Records from a dataset:
════════════════════
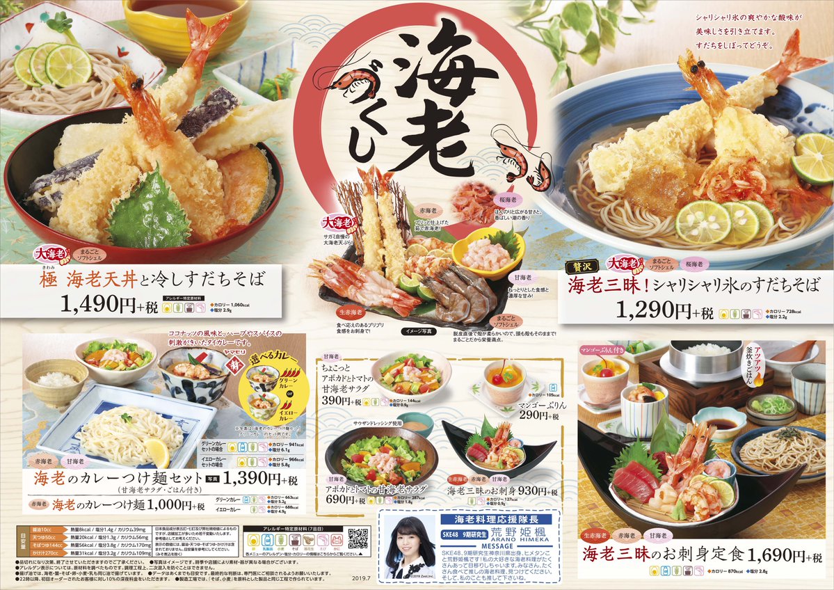 【サガミ×SKE48】海老づくし料理のメニューに荒野姫楓の応援メッセージが掲載!
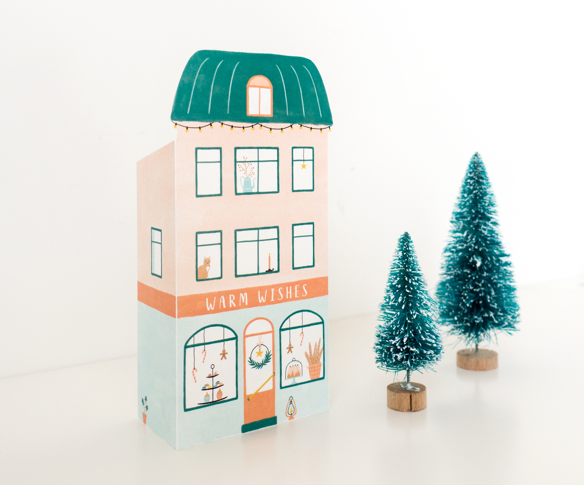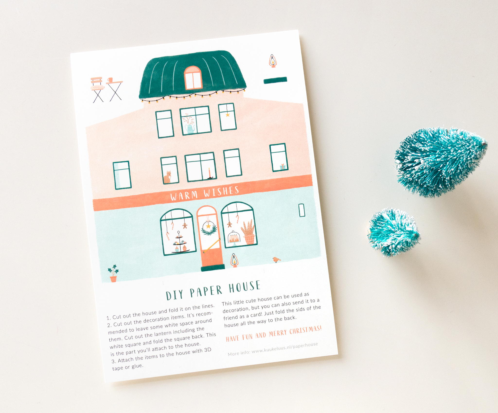 These cute little houses can be used as decoration, but you can also send them to your friends as cards! Just fold the sides of the house all the way to the back.
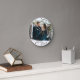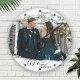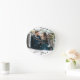 Wall-Uhr mit Ihrem individuellen Foto gerahmt von einer weißen flauschigen Kontur. Mit einem schönen Skripttext. Sie können das Stundenanzeigebild löschen, wenn Sie es nicht benötigen. Diese Uhr ist ein schöner Sake nach einer Weihnachts- oder Winterhochzeit.
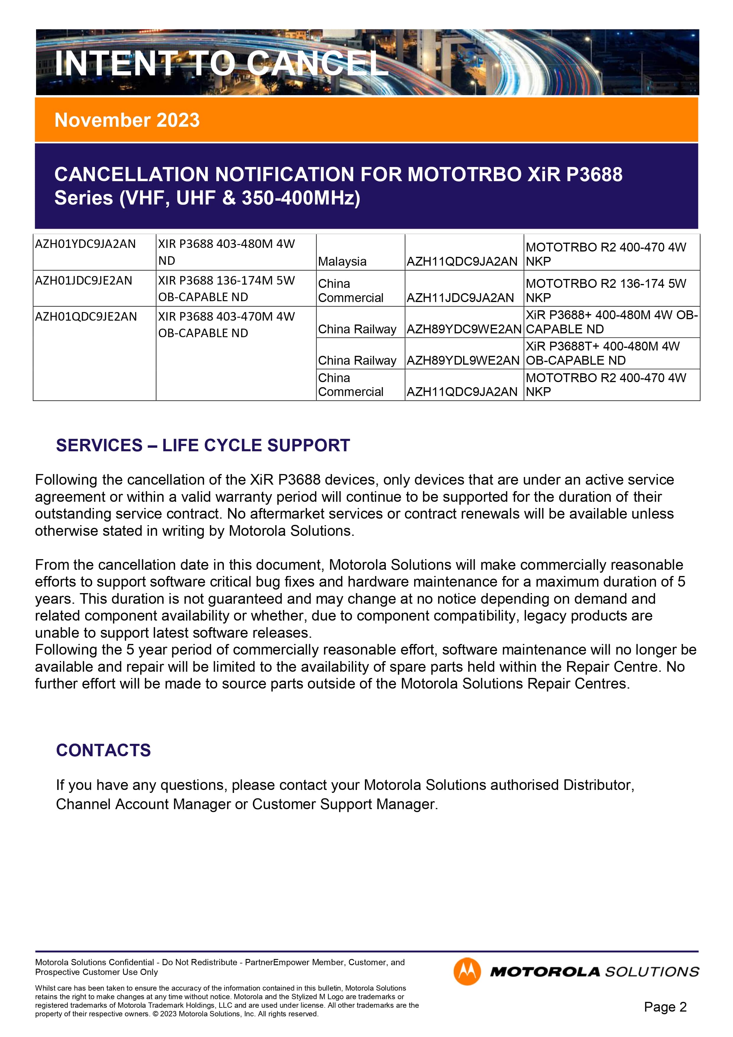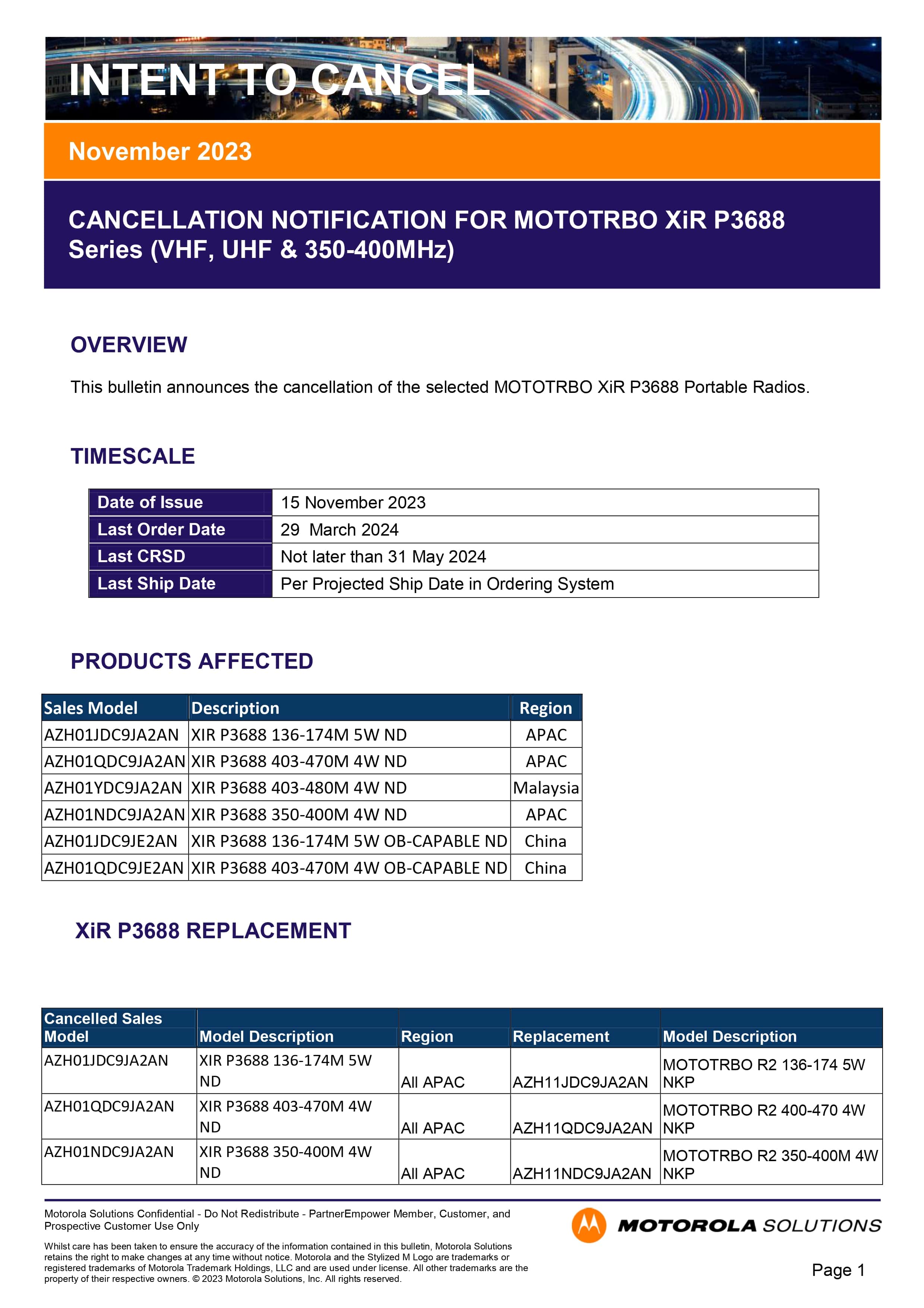 Kể từ tháng 11/2023, hãng Motorola Solutions chính thức thông báo ngừng sản xuất dòng máy bộ đàm Motorola XiR P3688 (thuộc dòng MOTOTRBO) tại khu vực Châu Á – Thái Bình Dương.
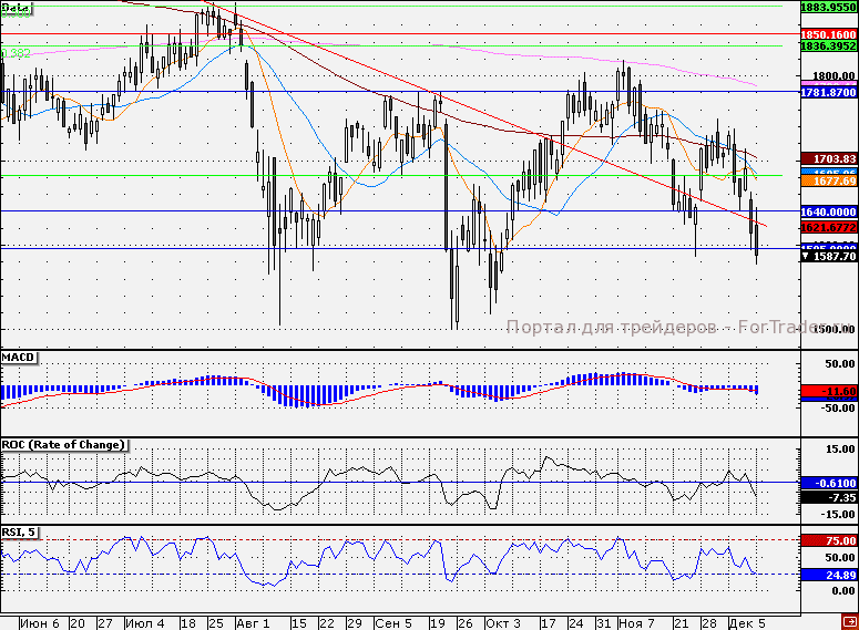 Ближайшие уровни сопротивления: 1600,00/1630,00/1640,00/1650,00
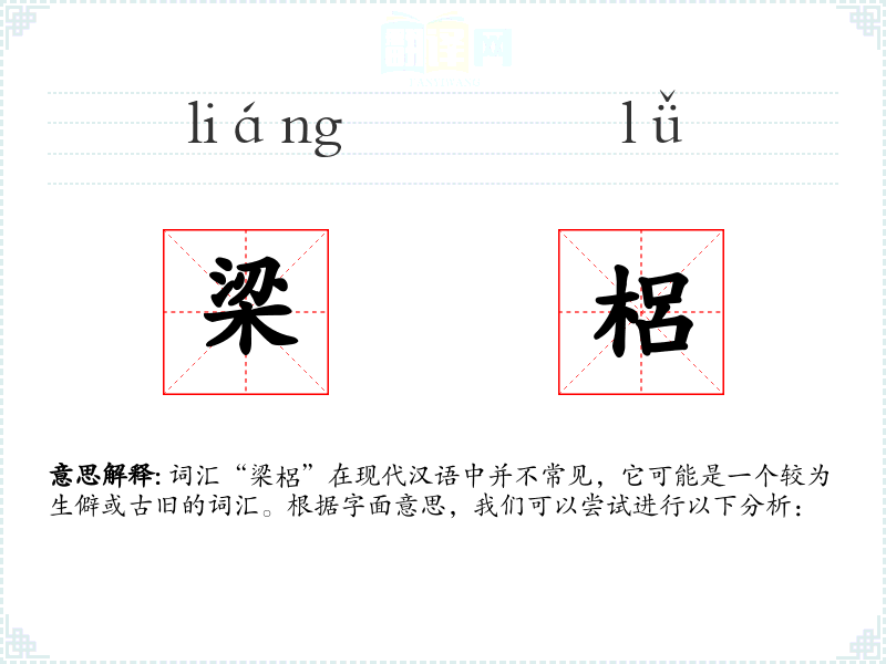词汇“梁梠”在现代汉语中并不常见,它可能是一个较为生僻或古旧的词汇。根据字面意思,我们可以尝试进行以下分析:
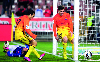 واصل المهاجم الأرجنتيني ليونيل ميسي ممارسة هوايته في هز الشباك وسجل هدفين أنقذ بهما برشلونة من كمين مضيفه غرناطة، وقاده للفوز الثمين 2/1، أول من أمس، في المرحلة الرابعة والعشرين من الدوري الإسباني لكرة القدم.
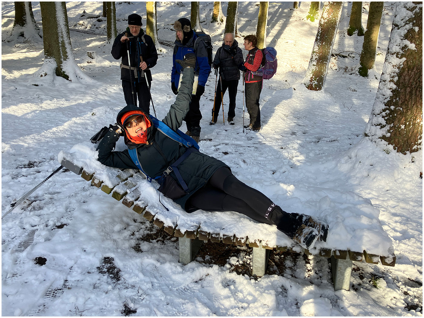 Anna reposing on one of the several recliners situated along the interesting Wow Trail
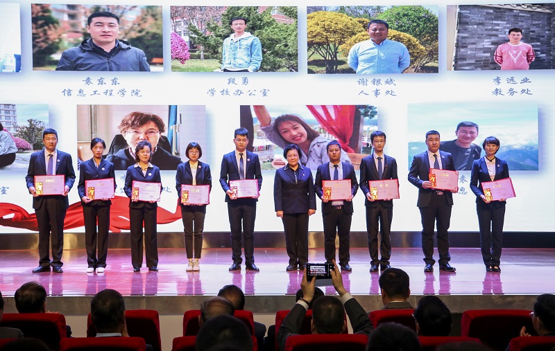 校长完颜弟研究员为获得“突出贡献奖”的同志颁奖,党委书记王新兰教授为获得“敬业奖”的同志颁奖,执行校长路文江教授为获得“优秀团体”的部门颁奖。
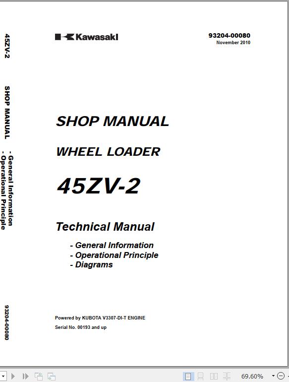 Kawasaki 45ZV-2 Shop Manual General Information Operational Principle & Diagrams 93204-00080 (US) 2010
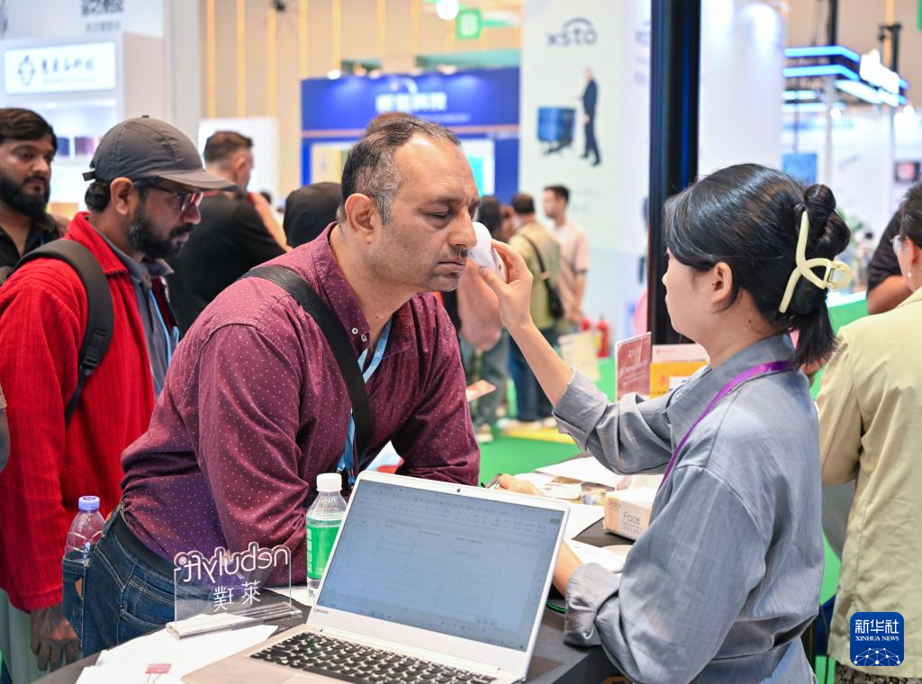 11月3日,客商在广交会展馆体验一款美容产品。新华社记者 肖恩楠 摄
════════════════════
### Required action
Please print the entries above exactly. Skip every picture.

### Expected answer
 【サガミ×SKE48】海老づくし料理のメニューに荒野姫楓の応援メッセージが掲載!
 These cute little houses can be used as decoration, but you can also send them to your friends as cards! Just fold the sides of the house all the way to the back.
 Wall-Uhr mit Ihrem individuellen Foto gerahmt von einer weißen flauschigen Kontur. Mit einem schönen Skripttext. Sie können das Stundenanzeigebild löschen, wenn Sie es nicht benötigen. Diese Uhr ist ein schöner Sake nach einer Weihnachts- oder Winterhochzeit.
 Kể từ tháng 11/2023, hãng Motorola Solutions chính thức thông báo ngừng sản xuất dòng máy bộ đàm Motorola XiR P3688 (thuộc dòng MOTOTRBO) tại khu vực Châu Á – Thái Bình Dương.
 Ближайшие уровни сопротивления: 1600,00/1630,00/1640,00/1650,00
词汇“梁梠”在现代汉语中并不常见,它可能是一个较为生僻或古旧的词汇。根据字面意思,我们可以尝试进行以下分析:
 واصل المهاجم الأرجنتيني ليونيل ميسي ممارسة هوايته في هز الشباك وسجل هدفين أنقذ بهما برشلونة من كمين مضيفه غرناطة، وقاده للفوز الثمين 2/1، أول من أمس، في المرحلة الرابعة والعشرين من الدوري الإسباني لكرة القدم.
 Anna reposing on one of the several recliners situated along the interesting Wow Trail
 校长完颜弟研究员为获得“突出贡献奖”的同志颁奖,党委书记王新兰教授为获得“敬业奖”的同志颁奖,执行校长路文江教授为获得“优秀团体”的部门颁奖。
 Kawasaki 45ZV-2 Shop Manual General Information Operational Principle & Diagrams 93204-00080 (US) 2010
 11月3日,客商在广交会展馆体验一款美容产品。新华社记者 肖恩楠 摄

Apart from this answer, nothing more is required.